Retailers Say January
Ends on Mixed Note
NEW YORK — The fiscal month of January ended on a mixed note for retailers, as retail sales rose marginally on a week-over-week basis. For the week ending Jan. 28, weekly retail sales rose modestly by 0.1%, according to the International Council of Shopping Centers (ICSC) and the Goldman Sachs Weekly Chain Store Sales Index.

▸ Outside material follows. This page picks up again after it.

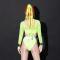 This transparent laciness leotard is totally fluorescent green. It has a very wide collar and long sleeves. It is backless and hollow- outed in sides of waist. There are irregular silver sparkly rhinestones decorate it from top to bottom and make the cloth shiny.

However, on a year-over-year basis, retail sales rose sharply by 3.9% to end the fiscal month, which was lifted by a weather-depressed sales performance during the same week of 2011. “With the fiscal month and year coming to a close this past week, retail sales once again showed how much sales patterns can shift, especially in January,” said Michael Niemira, ICSC vice president of research and chief economist. “The good news is that sales on a year-over-year basis continue to show strength, which is a positive sign as the industry moves into the new fiscal year beginning this week.” For January, ICSC Research anticipates that January comparable-store sales for the retail industry will increase by 2% to 3% on a year-over-year basis when retailers release their monthly sales figures in February. The Weekly Chain Store Sales Snapshot measures U.S. nominal same-store or comparable-store sales excluding restaurant and vehicle demand. The weekly index is constructed as a sales-weighted geometric average growth rate to preserve long-term consistency, and is statistically benchmarked to a broad-based, monthly retail-industry sales aggregate that currently represents approximately 40 retail chain stores, also compiled by ICSC.